The Commercial Fisheries Entry Commission on Friday announced a proposed regulation change to allow the use of a beach seine under set gillnet permits in the Cook Inlet set gillnet fishery.
The change is contingent, per the announcement, on the State Board of Fisheries similarly authorizing beach seines in the fishery by adopting Proposal 313 at its Statewide Shellfish meeting in Anchorage next month. That proposal was generated after the board last year decided to accept an agenda change request by Brian and Lisa Gabriel calling for beach seines as an alternative gear type in the east side setnet fishery.
Last summer, the Gabriels led a test fishery operated under a commissioner’s permit to explore beach seines as an option to harvest target sockeye salmon without killing king salmon. They told the Clarion in July that they’d seen their nets work successfully — that they hadn’t killed a king salmon, that they could adapt the nets to different sites, and that they’d caught enough sockeye to be economically viable.
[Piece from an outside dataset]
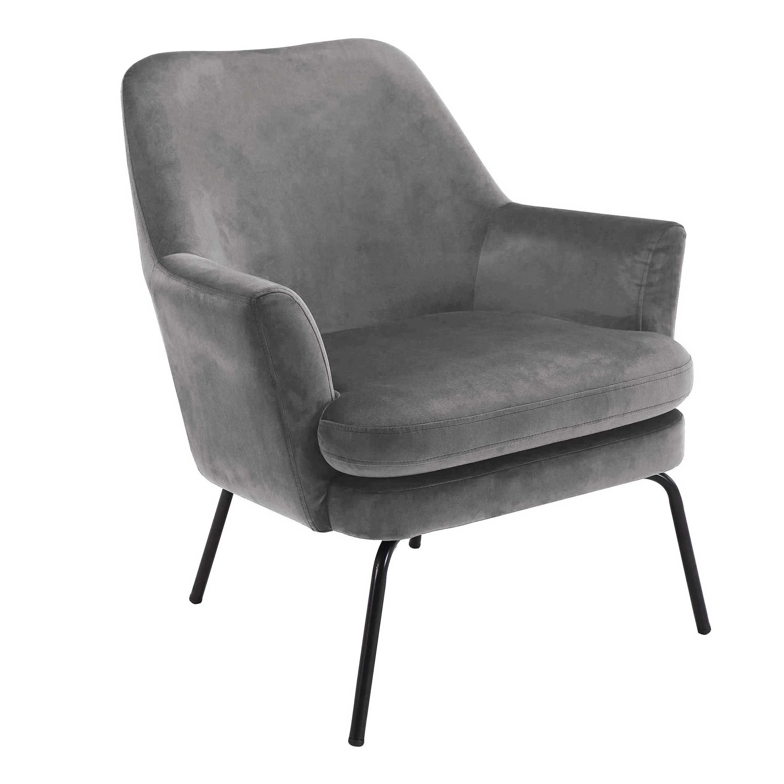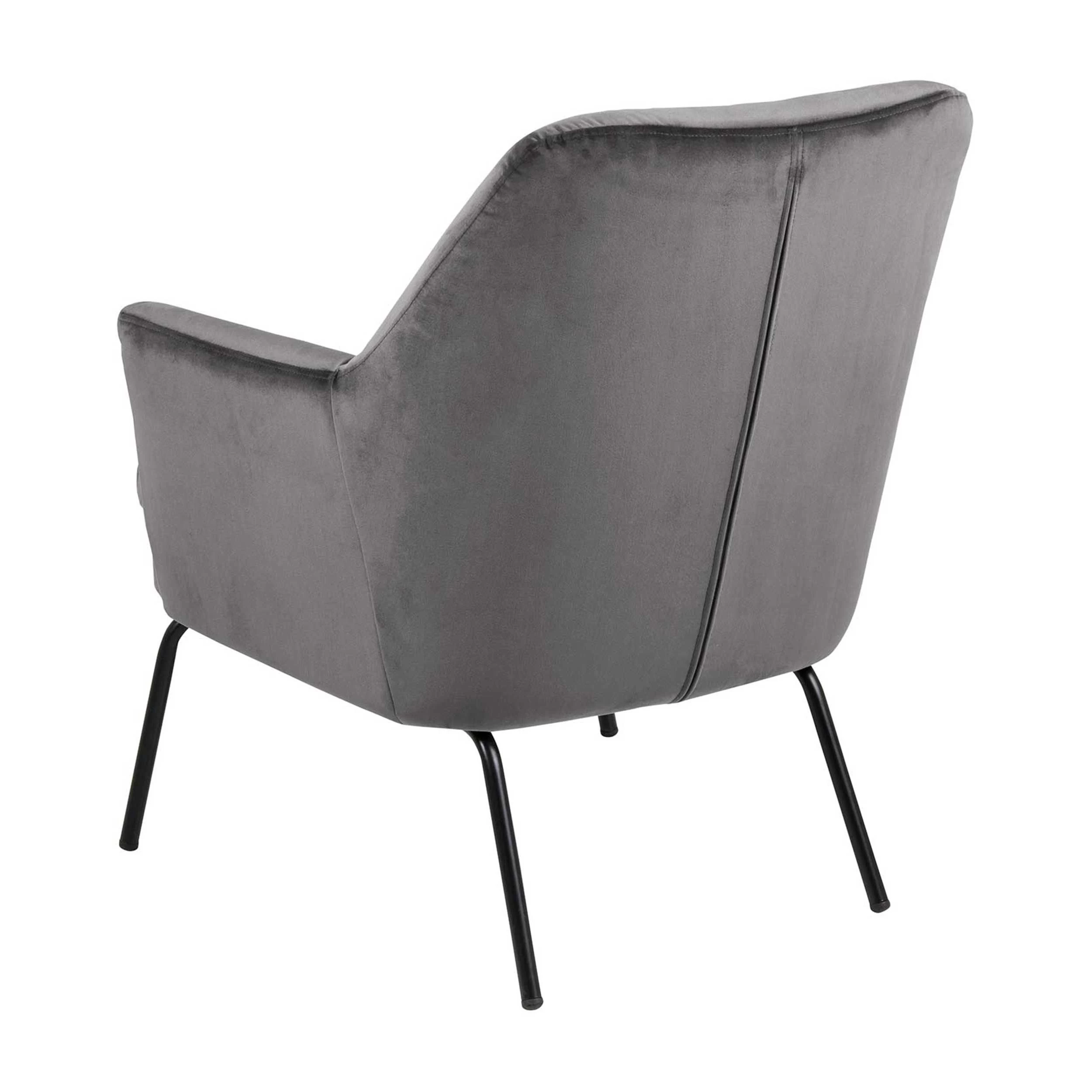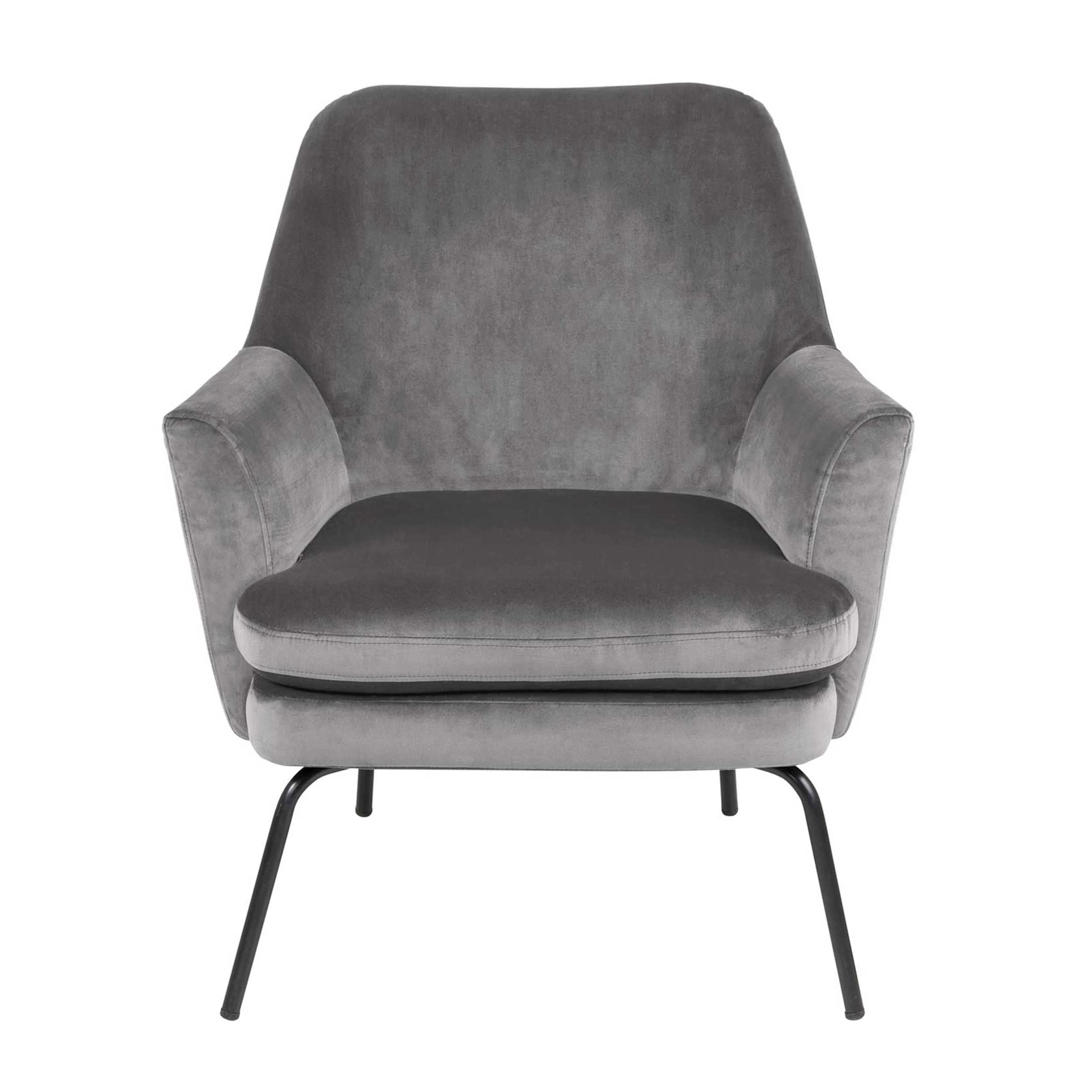 Fauteuil Sari met donkergrijze, fluwelen bekleding en zwarte poten.

Their request to the board is for the use of set beach seine nets as a gear type in the east side setnet fishery. Their proposal describes a fishing season from June 20 to Aug. 15, with the use of one set beach seine net per permit, used with shore-based infrastructure. The nets may be up to 100 fathoms in length, 215 mesh deep with a maximum mesh size of 3-and-a-half inches. If gillnet fishing were allowed by regulation, a permit holder would have to fish one or the other.
The board is set to decide on the proposal during their meeting from March 11-16.
The CFEC’s proposed regulation says only that it would allow “the use of a beach seine under a set gillnet permit in the Cook Inlet set gillnet fishery as authorized by the Board of Fisheries.”
Comment will be accepted on the proposed regulation until 5 p.m. on March 21.
Written comments can be sent by email to DFG.CFEC.PublicQuestions@alaska.gov.
Consideration of seines for the local setnet fisheries by the CFEC joins the ongoing consideration of dipnets — which the CFEC last year gave emergency authorization before rejecting. The commission in October said it would reconsider dipnets in response to new petitions for the gear, and a public comment period ended in November, but the group has yet to act on that proposed regulation.
This story was updated on Wednesday, Feb. 19 after the CFEC amended the public notice to remove a previously scheduled action meeting on March 26.